◆ EXERCISE GOAL ◆
Where a picture occurs in the data, omit it, and copy all remaining data exactly.

━━━━━━━━

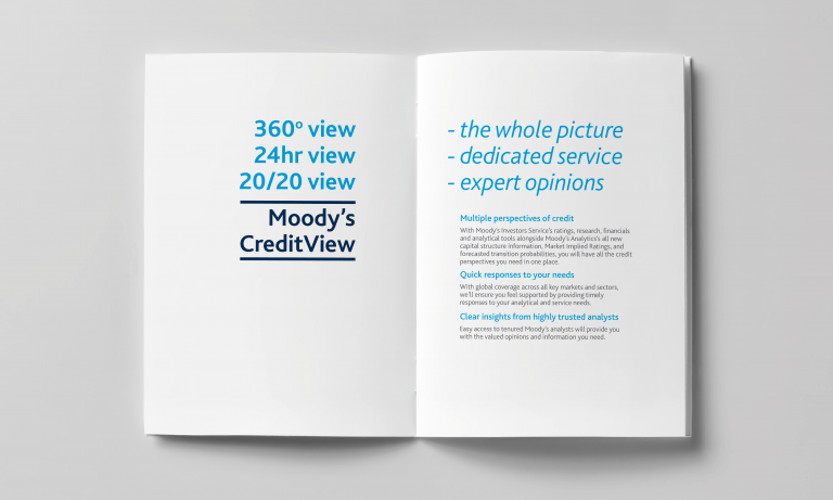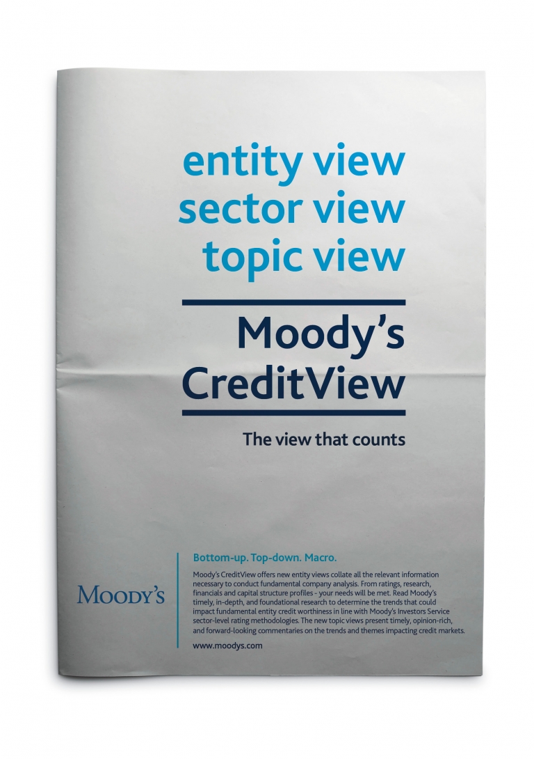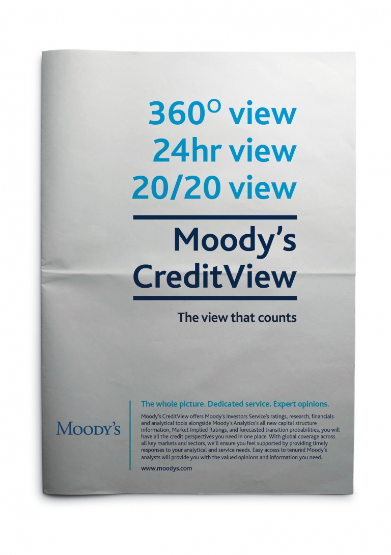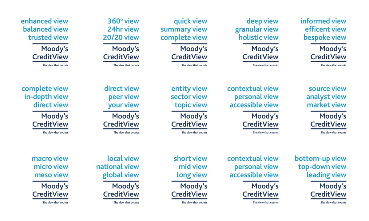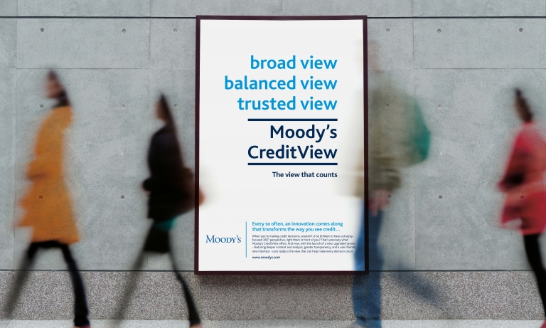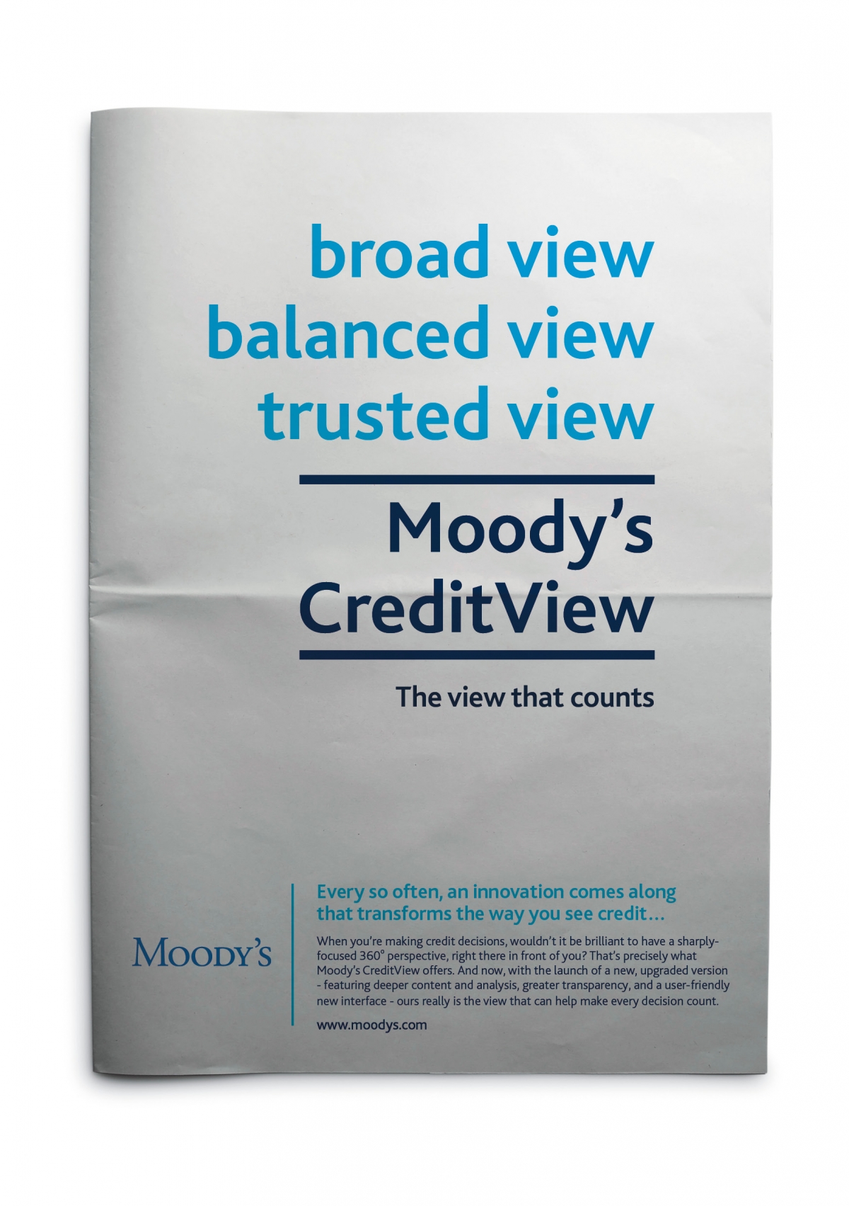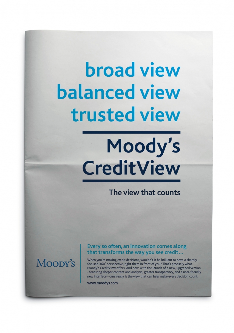 The answer, for once, lay in the product name – and, more specifically, the extraordinary number of ways that Moody’s now enable investors to view all the crucial data and analysis relating to any company, sector, region or country. Our quietly confident strapline almost wrote itself: The view that counts.
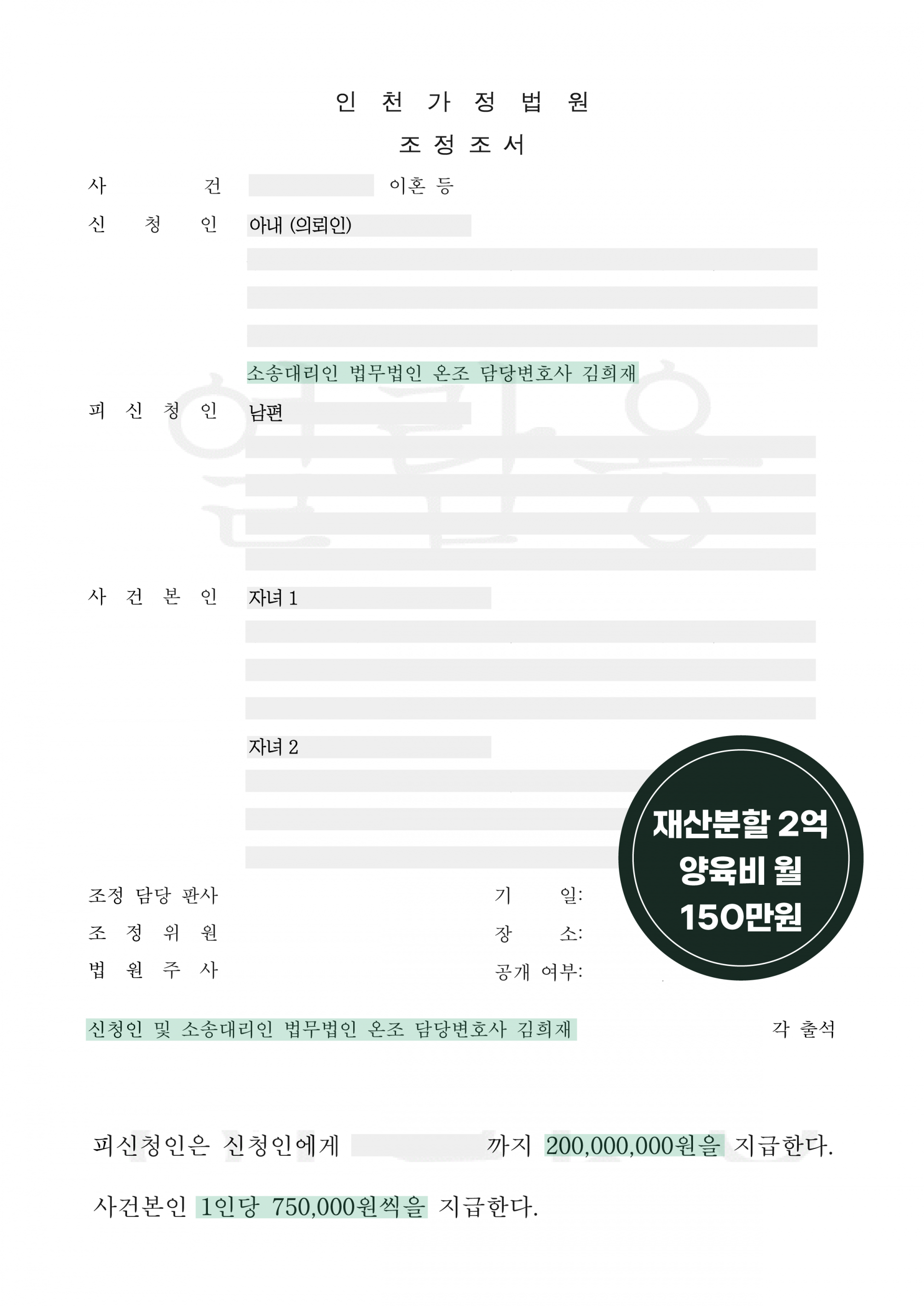 [인천가정법원] 조정이혼 원고 대리하여 재산분할 2억 원, 기여도 50%, 양육비 월 150만 원 인정받은 사례
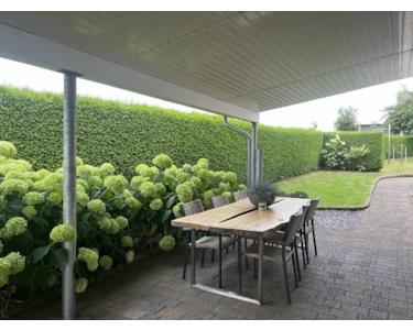 Schon beim Betreten der großen, hellen Deele spürt man die besondere Atmosphäre des Hauses. Sie bildet das Herzstück der Immobilie und öffnet sich zu beiden Seiten auf Terrassen, eine davon überdacht und ideal für gesellige Abende oder entspannte Stunden im Freien.
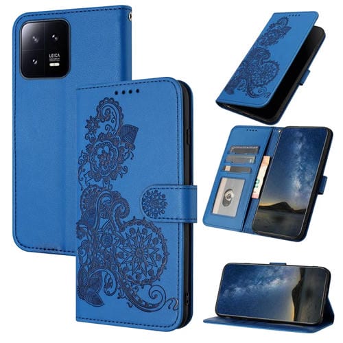 Para Xiaomi 13 Pro Datura Flower Funda de Teléfono de Cuero con Tapa En Relieve (Azul)
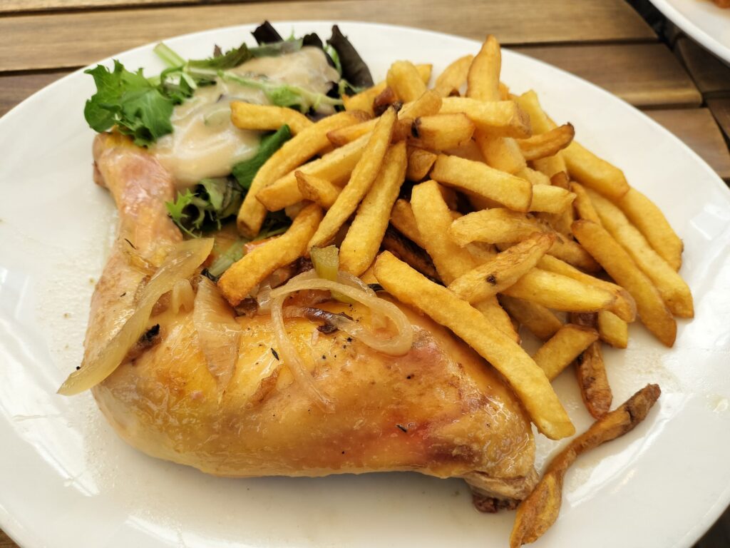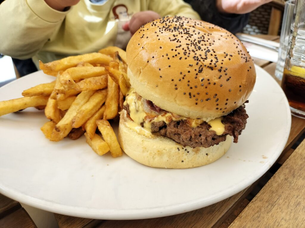 パリらしく歩道に面したテラス席があり、周囲はガヤガヤとした賑わい。「日本って、飲み会でもない限り、こんなに大きな声でおしゃべりしながら食事しないよね」なんて夫と話しながら、文化の違いを肌で感じつつ、山盛りのポテトを頬張ります。接客は感じがよく、味もまずまず。キッズメニューは見当たりませんでしたが、大人用をシェアしてちょうどいい量でした。ボリュームがあるので、子ども連れにはむしろありがたいかもしれません。
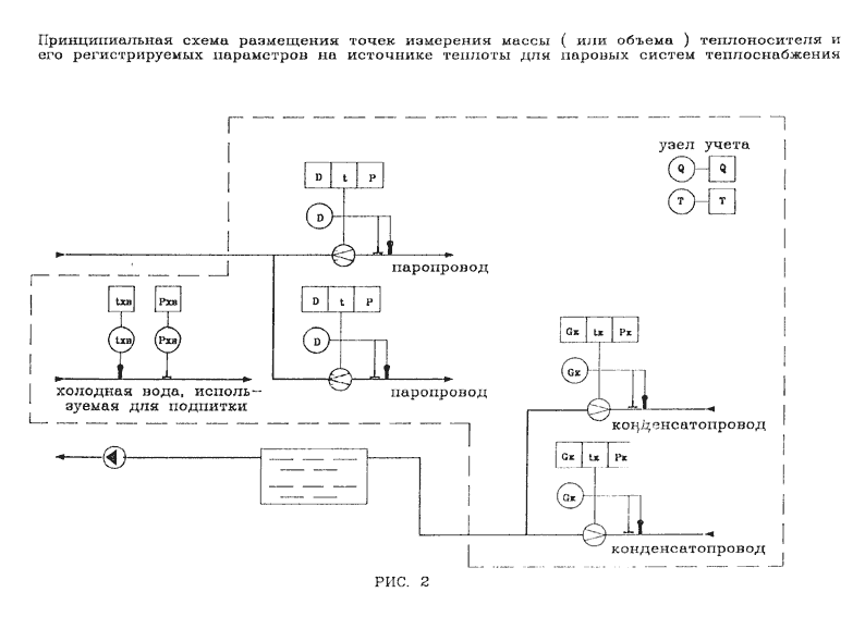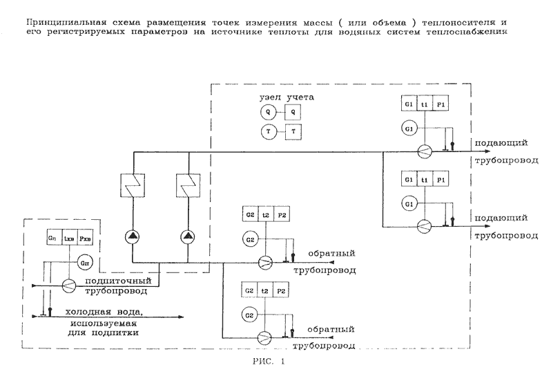 Принципиальная схема размещения точек измерения массы (или объема) теплоносителя, состав измеряемых и регистрируемых параметров приведены на рис. 1
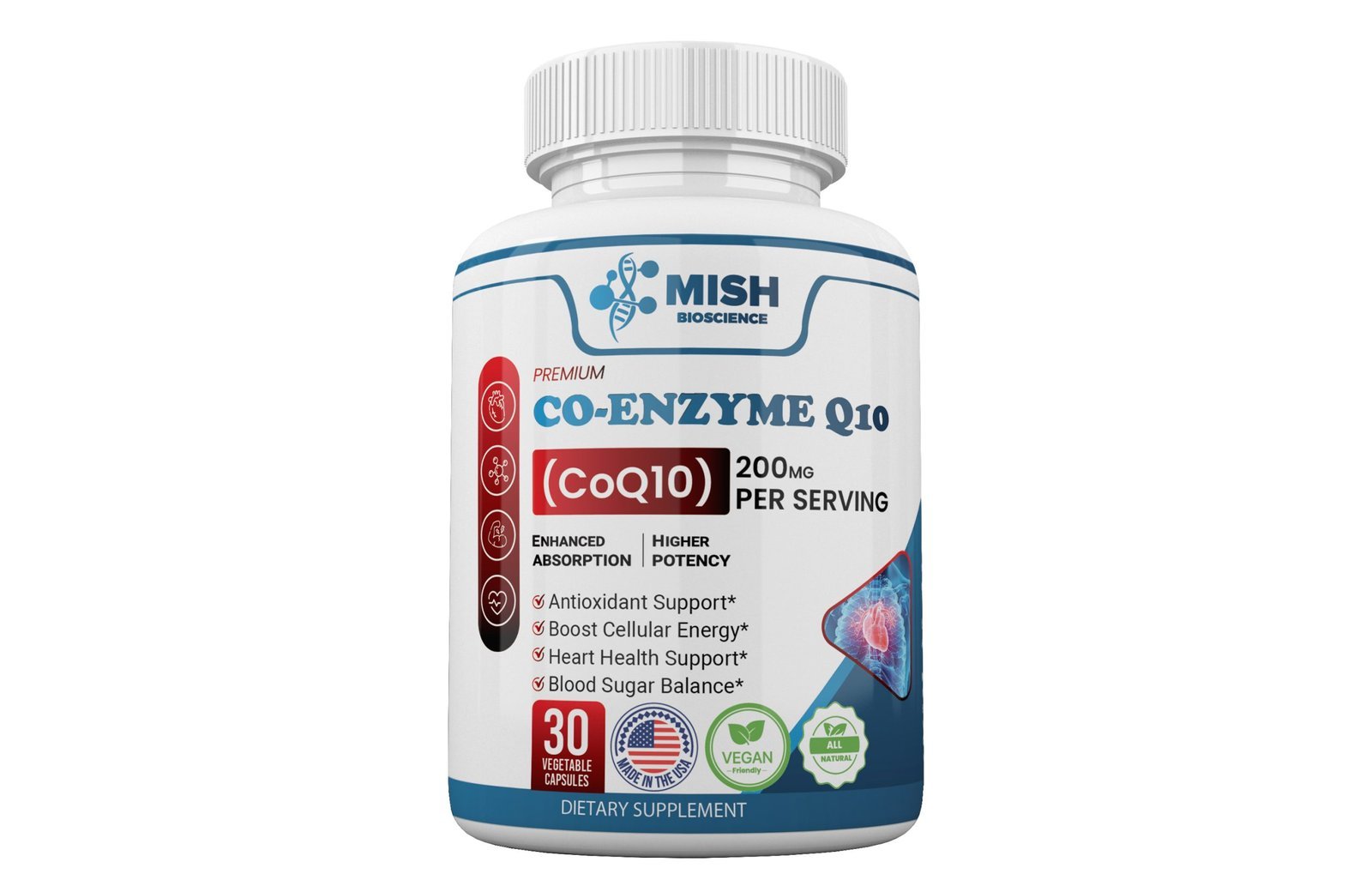 The good news is that research suggests taking CoQ10 supplements might help ease these muscle issues caused by statins [Caso, 2007]. So, in the world of health, CoQ10 is a pretty big deal. It’s your heart’s ally, your energy booster, and your muscles’ best friend. Mish Bioscience’s CoQ10 200mg capsules offer a concentrated source of this critical enzyme, providing numerous health benefits.

━━━━━━━━

◆ RESULT OF THE TASK ◆
 The answer, for once, lay in the product name – and, more specifically, the extraordinary number of ways that Moody’s now enable investors to view all the crucial data and analysis relating to any company, sector, region or country. Our quietly confident strapline almost wrote itself: The view that counts.
 [인천가정법원] 조정이혼 원고 대리하여 재산분할 2억 원, 기여도 50%, 양육비 월 150만 원 인정받은 사례
 Schon beim Betreten der großen, hellen Deele spürt man die besondere Atmosphäre des Hauses. Sie bildet das Herzstück der Immobilie und öffnet sich zu beiden Seiten auf Terrassen, eine davon überdacht und ideal für gesellige Abende oder entspannte Stunden im Freien.
 Para Xiaomi 13 Pro Datura Flower Funda de Teléfono de Cuero con Tapa En Relieve (Azul)
 パリらしく歩道に面したテラス席があり、周囲はガヤガヤとした賑わい。「日本って、飲み会でもない限り、こんなに大きな声でおしゃべりしながら食事しないよね」なんて夫と話しながら、文化の違いを肌で感じつつ、山盛りのポテトを頬張ります。接客は感じがよく、味もまずまず。キッズメニューは見当たりませんでしたが、大人用をシェアしてちょうどいい量でした。ボリュームがあるので、子ども連れにはむしろありがたいかもしれません。
 Принципиальная схема размещения точек измерения массы (или объема) теплоносителя, состав измеряемых и регистрируемых параметров приведены на рис. 1
 The good news is that research suggests taking CoQ10 supplements might help ease these muscle issues caused by statins [Caso, 2007]. So, in the world of health, CoQ10 is a pretty big deal. It’s your heart’s ally, your energy booster, and your muscles’ best friend. Mish Bioscience’s CoQ10 200mg capsules offer a concentrated source of this critical enzyme, providing numerous health benefits.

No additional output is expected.